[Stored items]
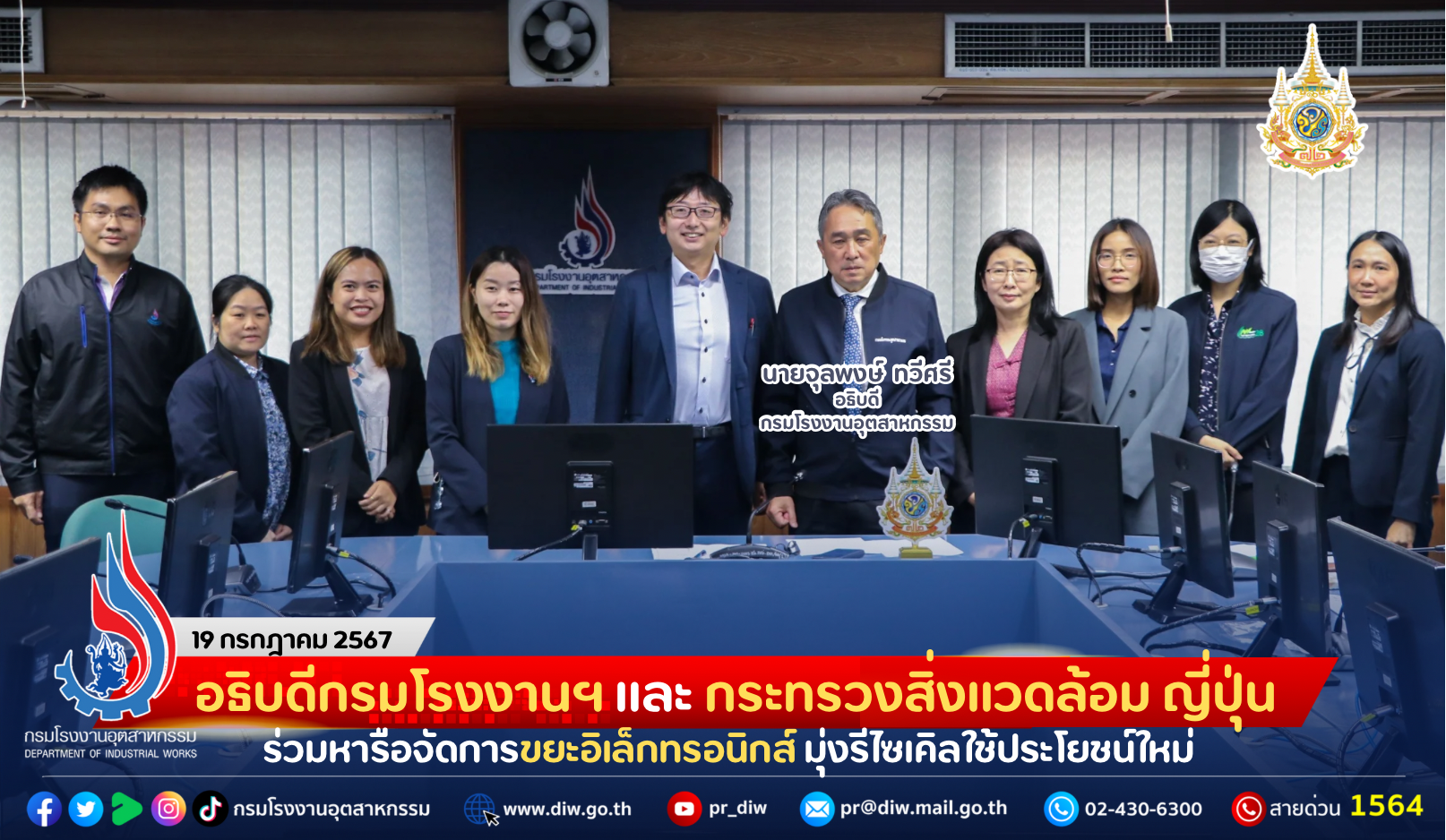 วันที่ 19 กรกฎาคม 2567 เวลา 14.30 น. นายจุลพงษ์ ทวีศรี อธิบดีกรมโรงงานอุตสาหกรรม ประชุมร่วมหารือความร่วมมือทวิภาคี ระหว่าง กรมโรงงานอุตสาหกรรม กระทรวงอุตสาหกรรม กับ สำนักฟื้นฟูสิ่งแวดล้อมและวัฏจักรของวัสดุ กระทรวงสิ่งแวดล้อม ประเทศญี่ปุ่น เพื่อพัฒนาแนวคิด นวัตกรรม ที่เหมาะสมต่อการจัดการขยะอิเล็กทรอนิกส์ สู่การหมุนเวียนทรัพยากรและการจัดการของเสียอย่างมีประสิทธิภาพ โดยมี Mr. Satoshi Yoshida Director for International Resource Circulation กระทรวงสิ่งแวดล้อม ประเทศญี่ปุ่น Ms. Osawa Yurie เลขานุการเอก สถานเอกอัครราชทูตญี่ปุ่นประจำประเทศไทย นางสาวปัทมวรรณ คุณประเสริฐ ผู้อำนวยการกองส่งเสริมเทคโนโลยีสิ่งแวดล้อมโรงงาน เจ้าหน้าที่กรมโรงงานอุตสาหกรรม เจ้าหน้าที่กระทรวงสิ่งแวดล้อมประเทศญี่ปุ่น และ เจ้าหน้าที่สถาบัน EX Research Institute หรือ EXRI ASIA (ประเทศญี่ปุ่น) เข้าร่วมประชุม ณ ห้องประชุม 503 ชั้น 5 อาคารกรมโรงงานอุตสาหกรรม และประชุมผ่านระบบอิเล็กทรอนิกส์
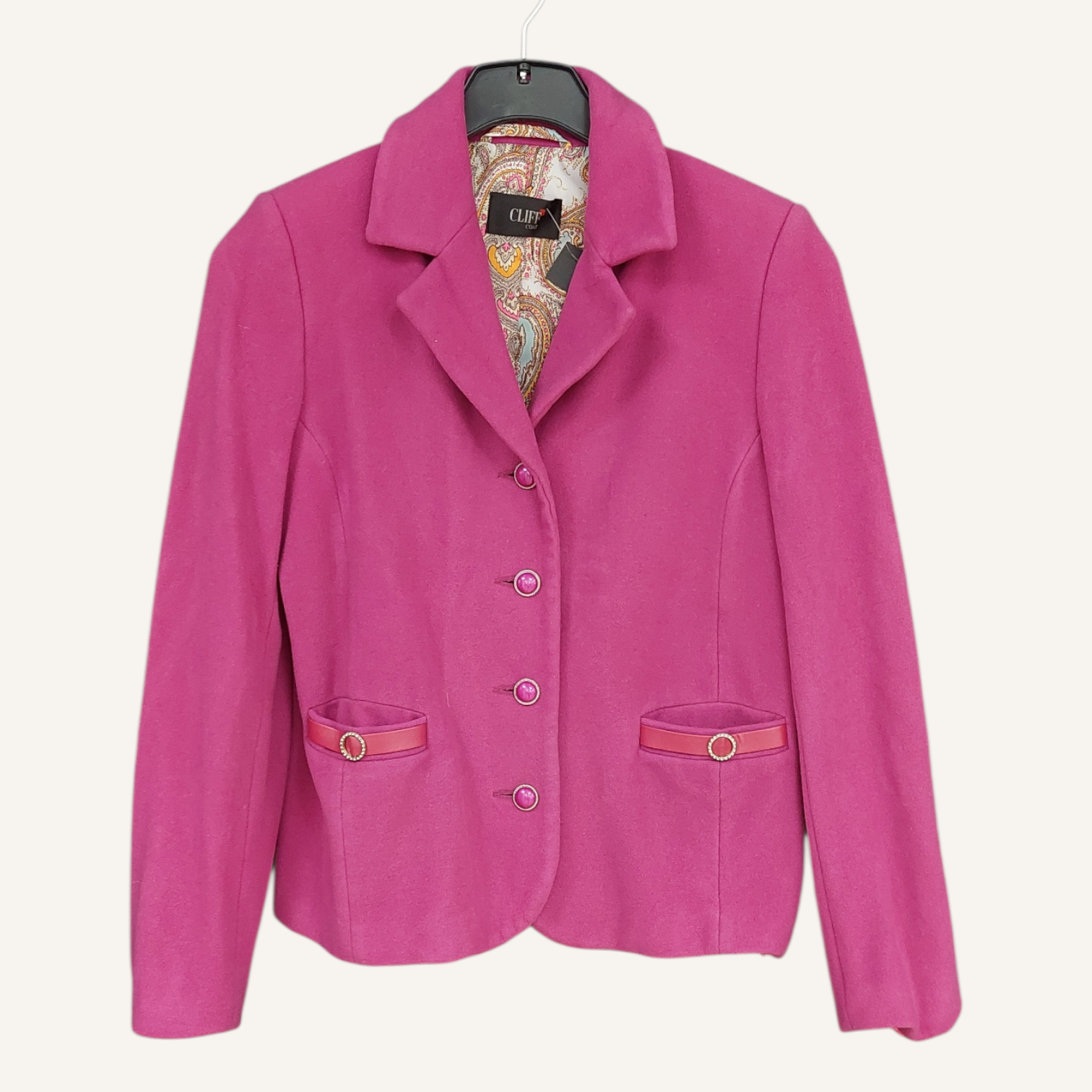 Cliff coat jakkutakki, pinkki kevyet olkatoppaukset, kaunis kuvioitu vuorikangas. koko: 38 materiaali: 65% villa 20% cashmere 15% polyamidi
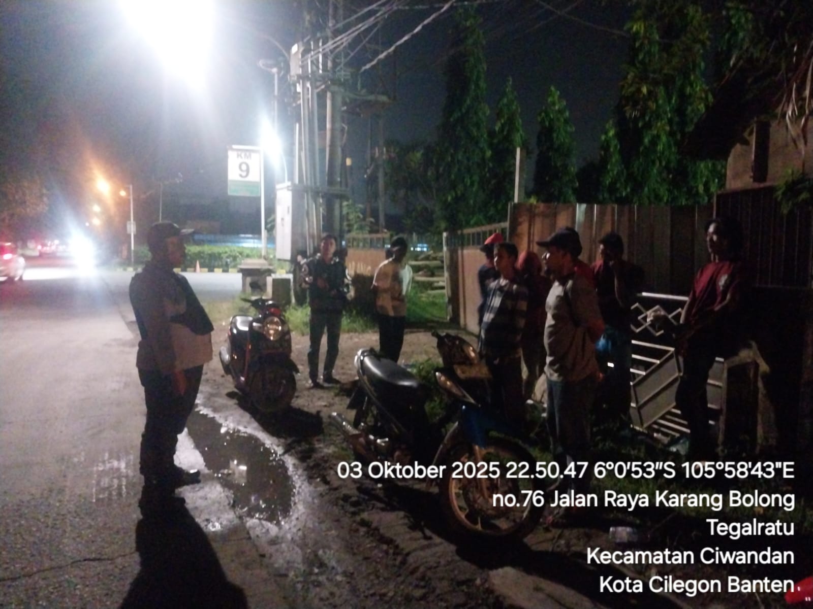 Cilegon - Personil Polsek Ciwandan Polres Cilegon Polda Banten melakukan patroli malam yang bertujuan untuk mengantisipasi adanya aktivitas balap liar dan tawuran kelompok geng motor di daerah hukum Polsek Ciwandan Polres Cilegon Polda Banten, Sabtu (04/10/2025).
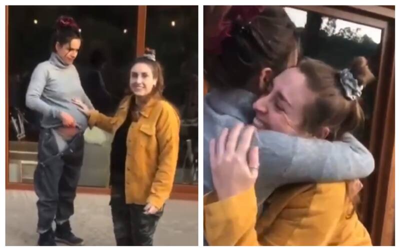 "¿Quieres ser mi madrina?", escribió Juanita Ringeling sobre su vientre. La mujer la abrazó de inmediato y se emocionó. "¿Eso es un sí?", le preguntó la actriz, y ella le aclaró que sí. Todos alrededor aplaudieron tras el suceso.
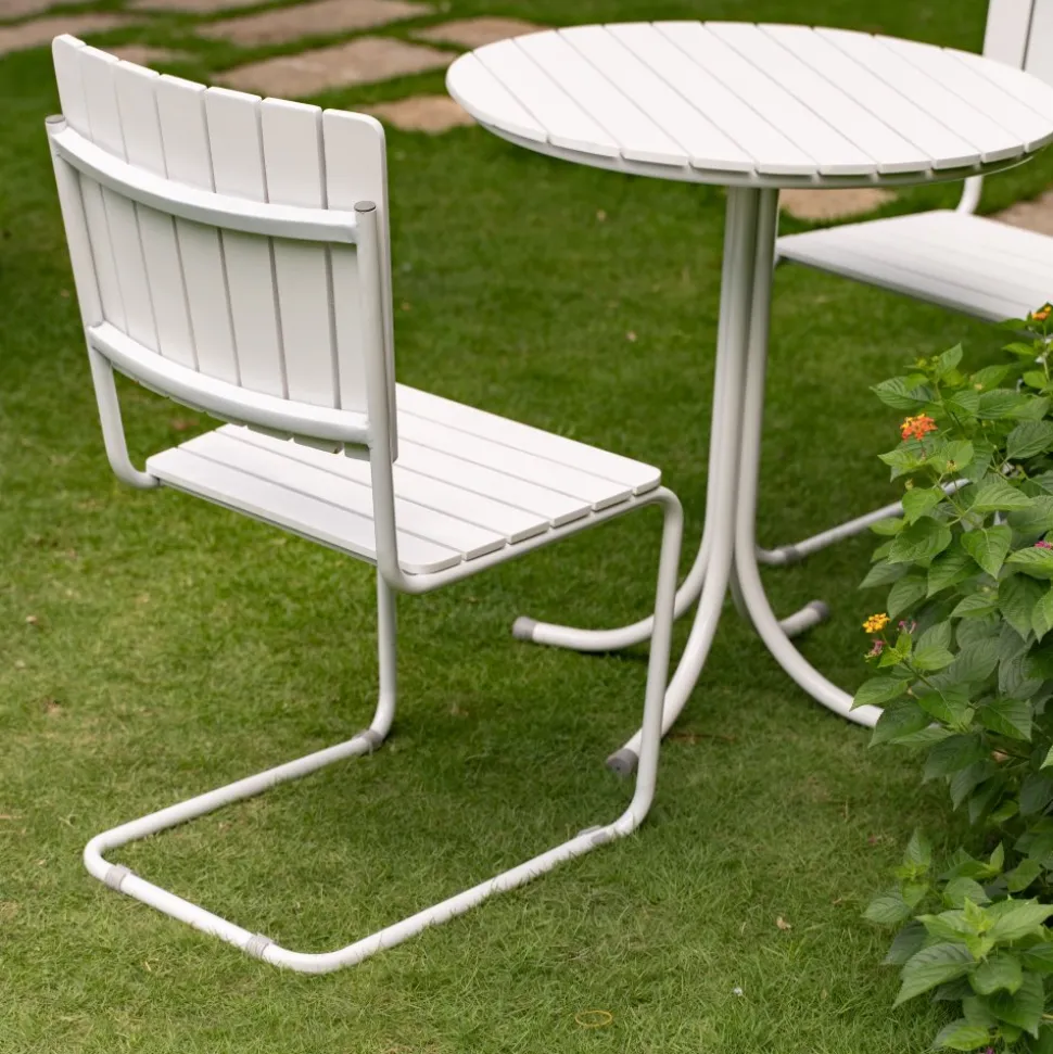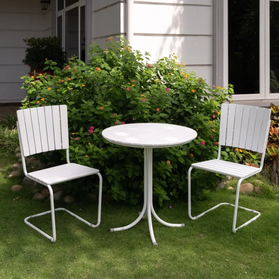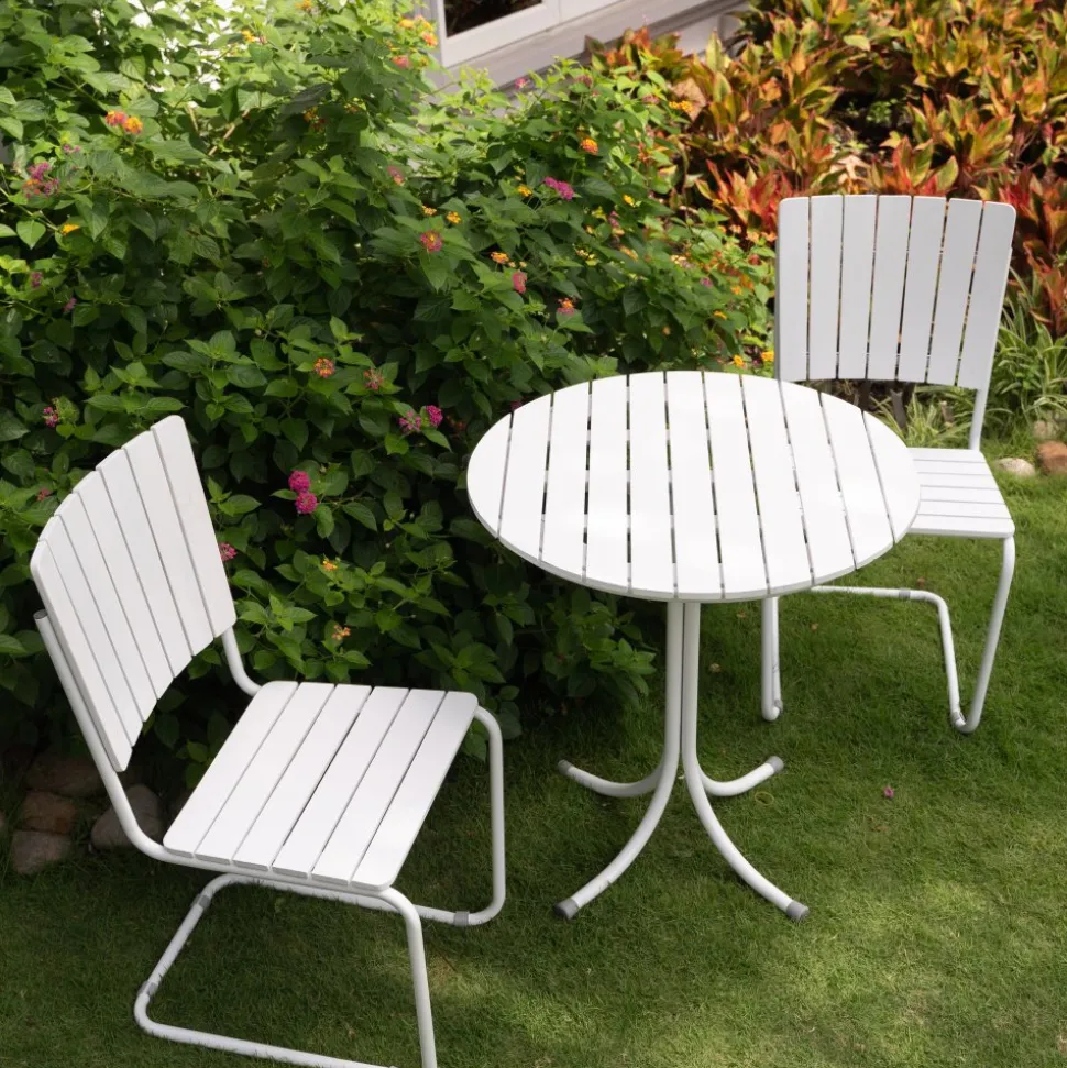 Utegruppen består av ett nätt runt bord Ø70 cm med 2 st tillhörande karmstolar.
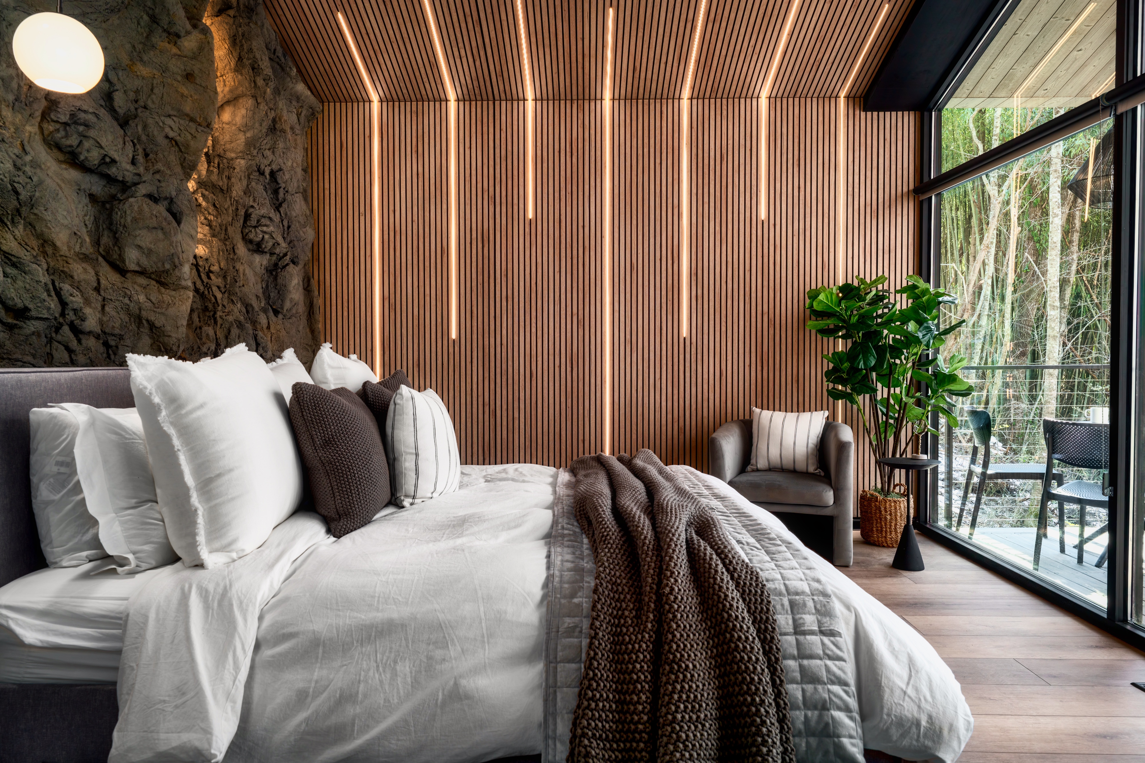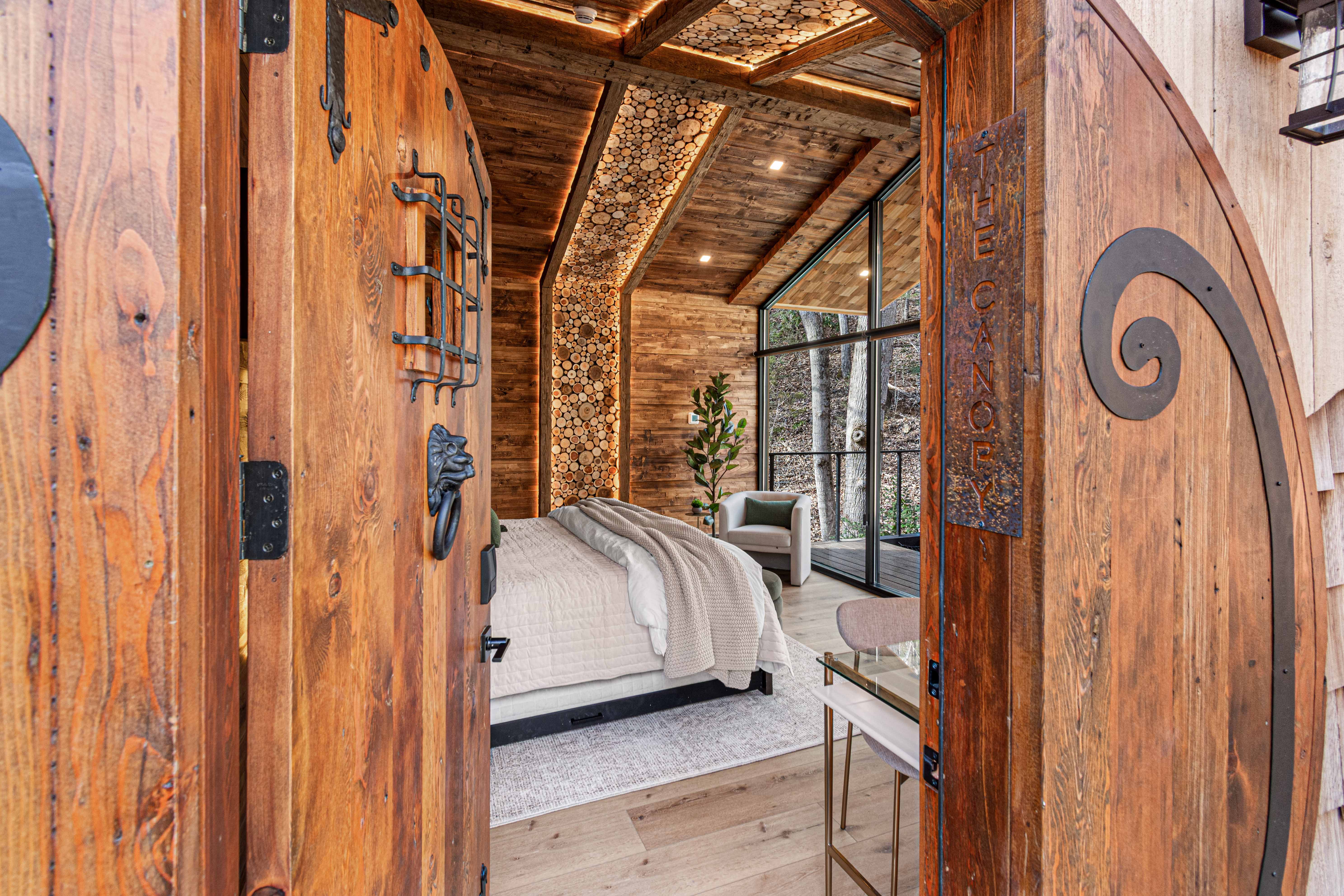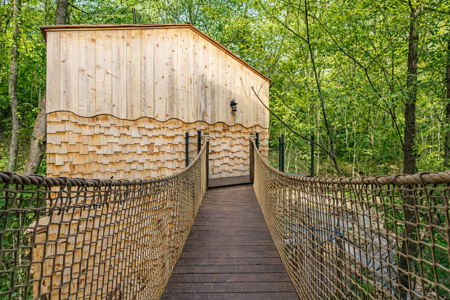 Escape to the Extraordinary at The Hideout Nestled in the Smoky Mountains, The Hideout is a four-story treetop retreat where luxury, adventure, and imagination converge. Spiral down a 37' tall glass slide into a glow-in-the-dark mini golf haven, cross suspended rope bridges linking cabins with panoramic forest views, and enjoy five curated luxury bedrooms, a swim spa, high end game room, outdoor bowling, sauna, sunken fire pit, yard games & more. Everything you need for an unforgettable escape!
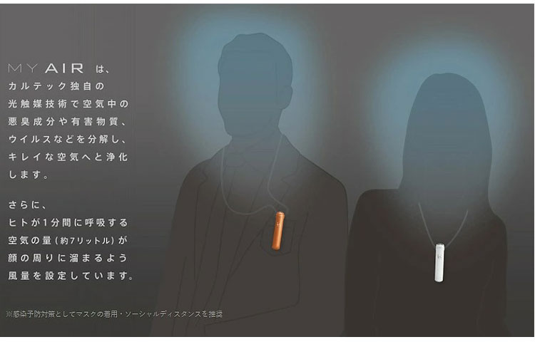 正規品取扱店 日本製 コロナ感染抑制を実証 カルテック 光触媒 空気清浄機 除菌 脱臭機 インフルエンザ 菌 ノロ タバコ ホコリ ハウスダスト お手入れ簡単 脱臭 除菌 ウイルス対策 首掛け 首かけ ターンドケイ ターンド・ケイ KL-P01 マイエアー
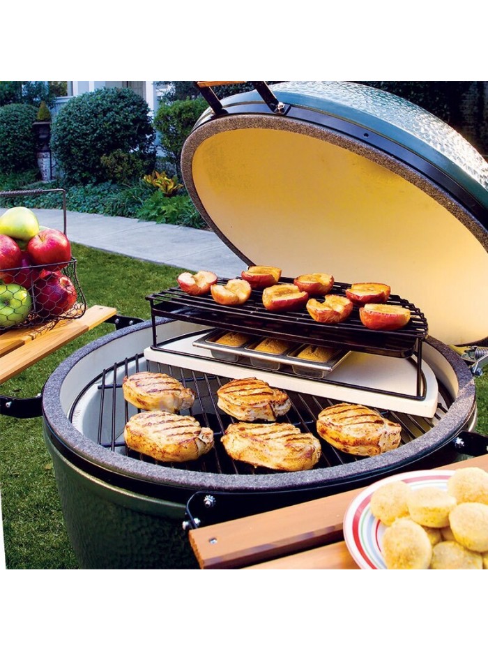 La demie pierre de cuisson pour convEGGtor vous permet de réaliser une multitude de petits plats divers ! Hyper polyvalent, vous pouvez en effet l'utiliser avec le panier pour convEGGtor en l'insérant entre deux plats, pour combiner la cuisson directe et indirecte, ou bien la juxtaposer avec une seconde demie-pierre de cuisson afin de créer un véritable tablier de convection.

• [What to produce] Looking above, find the stretch of lines that opens with the one holding "Cliff coat jakkutakki, pinkki" and closes with the one holding "tras el suceso.". Copy it exactly, pictures excluded.

• [Exercise answer]
 Cliff coat jakkutakki, pinkki kevyet olkatoppaukset, kaunis kuvioitu vuorikangas. koko: 38 materiaali: 65% villa 20% cashmere 15% polyamidi
 Cilegon - Personil Polsek Ciwandan Polres Cilegon Polda Banten melakukan patroli malam yang bertujuan untuk mengantisipasi adanya aktivitas balap liar dan tawuran kelompok geng motor di daerah hukum Polsek Ciwandan Polres Cilegon Polda Banten, Sabtu (04/10/2025).
 "¿Quieres ser mi madrina?", escribió Juanita Ringeling sobre su vientre. La mujer la abrazó de inmediato y se emocionó. "¿Eso es un sí?", le preguntó la actriz, y ella le aclaró que sí. Todos alrededor aplaudieron tras el suceso.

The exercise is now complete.